San Agustin
The road from Popayan to San Agustin was scenic, but extremely bad. Imagine a rickety old bus with hard uncomfortable seats and poor suspensions going over a bumpy road for more than 6 hours. You wouldn’t enjoy travelling in this bus. I didn’t either. I just kept being tossed up and down almost continuously. One particular bump was so bad that my head hit the ceiling of the bus. The landscapes along the way were very pretty though.

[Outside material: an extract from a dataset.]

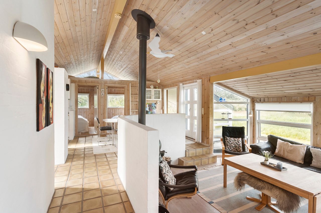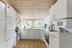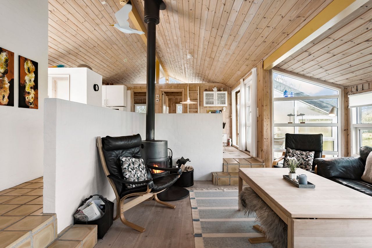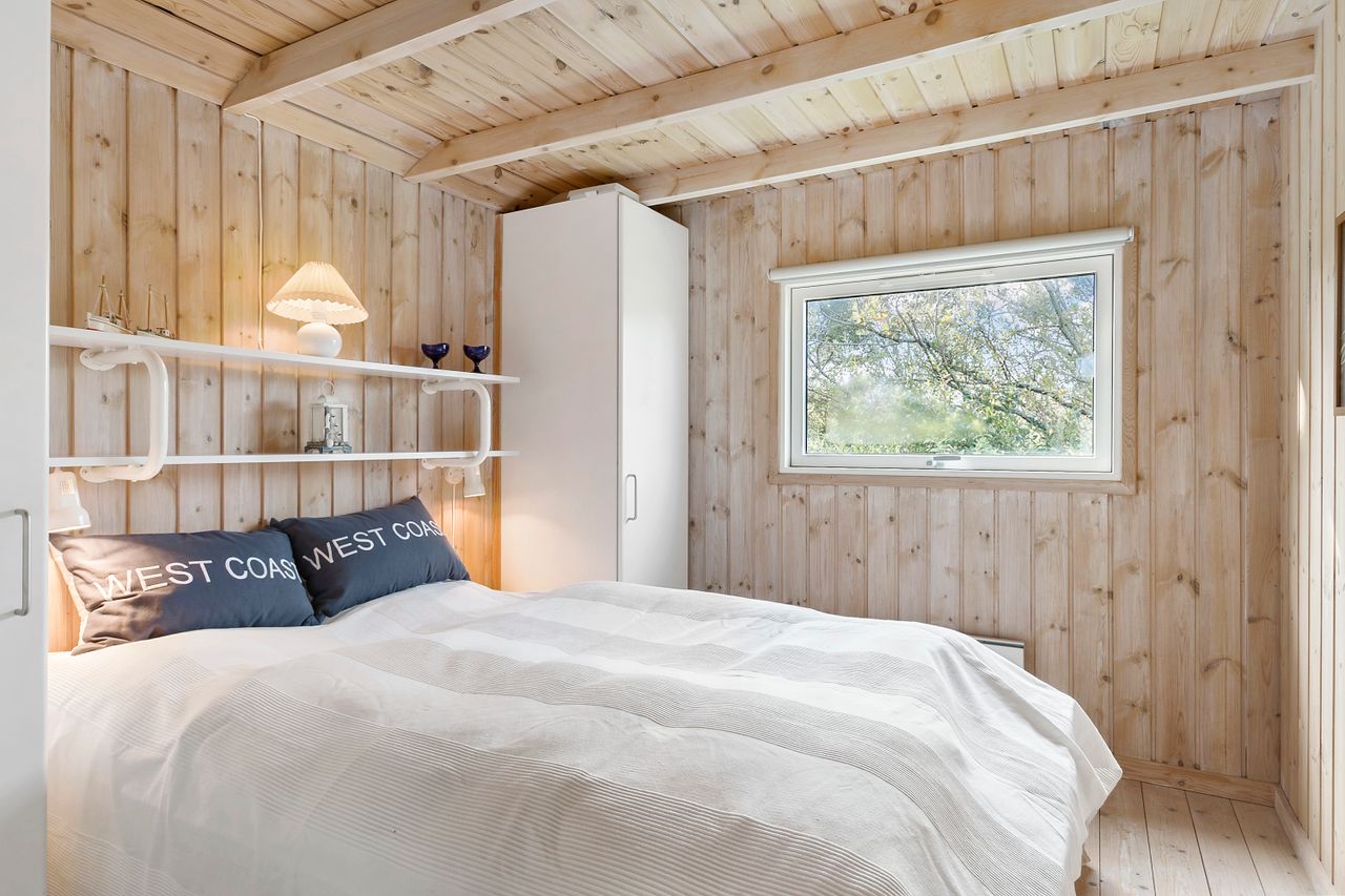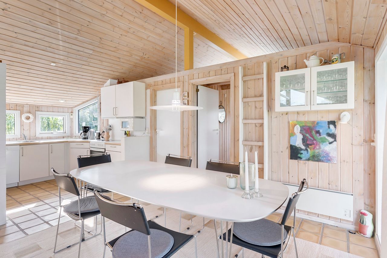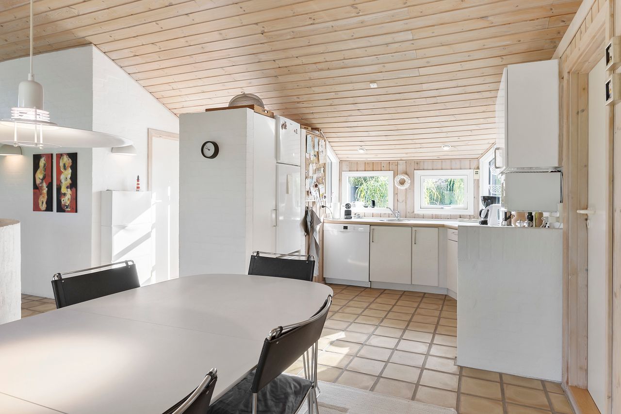 Indenfor mødes du af store vinduespartier, der skaber en lys og indbydende atmosfære i det rummelige køkken-alrum, som er i åben forbindelse med den store stue. Her er der plads til både afslapning og hyggelige middage med familie og venner. Huset byder også på viktualierum med ekstra opbevaring og køleskab. Sommerhuset har tre gode værelser, alle med indbygget skabsplads, og et lyst køkken, der er funktionelt og veludstyret.

Picturesque landscapes along the way
I had reserved a bed in Finco El Maco that Megan & Eddie had recommended. The hostel is about 4 km from the center of town, and is up a steep slope. Hiking up there with my backpack (and immediately following my back-breaking bus trip) almost killed me. The hostel had come with glowing recommendations so I was really hoping for my thus far terrible day to end on a high note. But sadly for me, the dormitory was really ordinary. It didn’t stink of sweat and wasn’t cramped for space like most dorms but was also not that special. I was to learn later that the private rooms in the hostel were totally out-of-this-world; which probably was the reason why Megan & Eddie were raving so much about this place.
At the hostel, I met a Dutch couple, Cris & Kim and a Aussie-English couple Stuart & Shastra. During our conversations, we learned that Stuart & Shastra had met Ed & Tanya during one of their hikes in Peru, and Shastra was actually planning to volunteer at Katitawa in a few months’ time.
The next morning, Cris, Kim & I joined with a honeymooning Colombian couple for a day-long jeep tour of San Agustin and the surrounding areas. The tour was quite interesting and we checked out the lush countryside, the huge carved stone sculptures, a few waterfalls, a jaggery making workshop and had a traditional Colombian lunch.

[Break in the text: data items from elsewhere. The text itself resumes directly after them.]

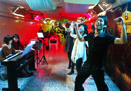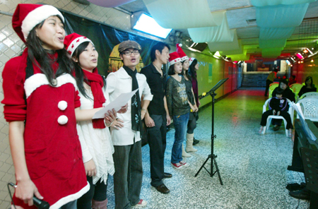 臺灣師范大學前師大路、和平東路口的“師大和平地下道”再度變身,二十日晚間舉行“圣誕老人從地底竄出——圣誕百老匯音樂狂歡夜”,學生演出圣誕音樂劇及歌曲,過往民眾享受節日氣氛!爸醒肷纭眻D 孫仲達 攝
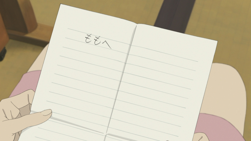 It isn't all that misleading to make comparisons to some of the Ghibli films, actually, since Momo's setup parallels a number of them at once. Momo, a girl of eleven or so, has moved with her mother to one of Japan's more remote islands, a hilly backwater that holds little of interest for someone who just arrived from Tokyo. But Momo's gloom is about more than being displaced; she remains in mourning for her father. He was a marine biologist, seen only in flashbacks as a cheerful man of compulsive work habits, and Momo's last words to him were "I hate you," right before he left on a survey expedition and never returned. All that remains is memories, photos, and one artifact of his — a sheet of paper with the words "Dear Momo" written at the top in his handwriting, and nothing more on the page. She keeps it with her like a talisman to ward off a future that doesn't contain him.
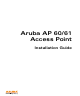 2 AP Deployment This chapter covers the following topics: z z Physical mounting of the Aruba AP 60/61 Connecting the required cables Mounting the Aruba AP 60/61 When provisioning is complete, mount the Aruba AP 60/61 at its intended service location. The Aruba AP 60/61 Access Points with or without external antennas are intended only for installation in Environment A as defined in IEEE 802.3.af.
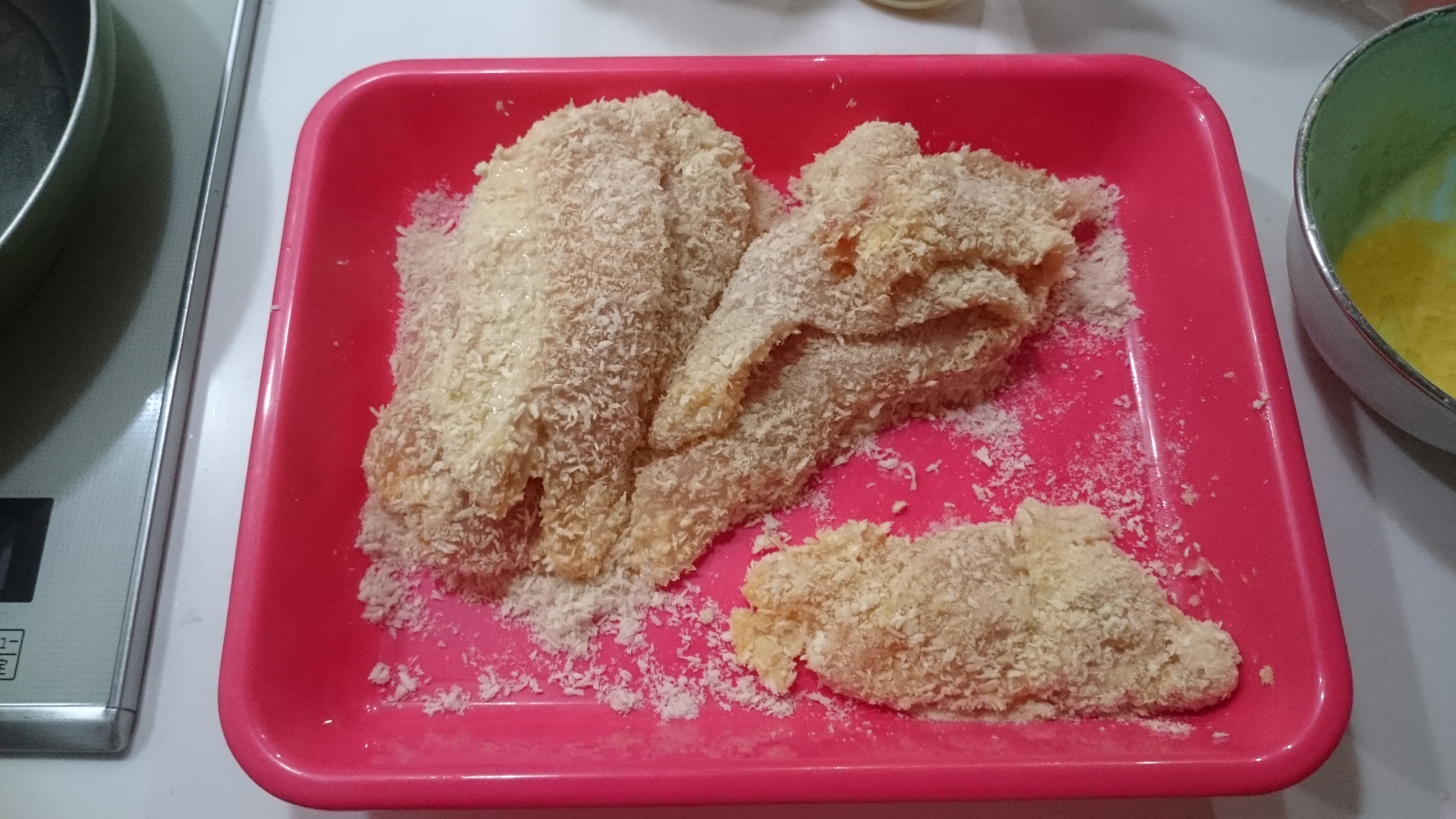 小麦粉、卵、パン粉をつける。揚げ焼き。

The river Magdalena gushes through this narrow gorge with tremendous force

Jeep trail

Jaggery making workshop

The jaggery being made into bricks

One stone statue

Another stone statue

A whole bunch of stone statues

At least one other Indian had come to see the stone statues

With the Colombian couple, Cris and some local kids
San Agustin had failed to impress me and I was ready to leave the next morning. Since the Dutch pair were also headed to Popayan, we decided to travel there together. But we hadn’t anticipated that there would be so few buses going our way, and those that did, would be filled to capacity. So finally after a long wait, and some to-and-fro camioneta rides between the highway and the center of town, we finally managed to get 3 confirmed seats on a bus to Popayan.
Travelling again on the non-existent road and having to endure the second 6-hour-long agonizing journey within a span of 3 days took its toll on my body. By the time we got back to Popayan, I was running a slight temperature and had a splitting headache. But instead of directly hitting the sack, I decided to join a Spanish guy, an Australian girl and a German guy for dinner. This turned out to be a great decision because the wonderful dinner with the 3 other solo travelers (with all four of us headed in different directions the next day) did a lot to alleviate my illness.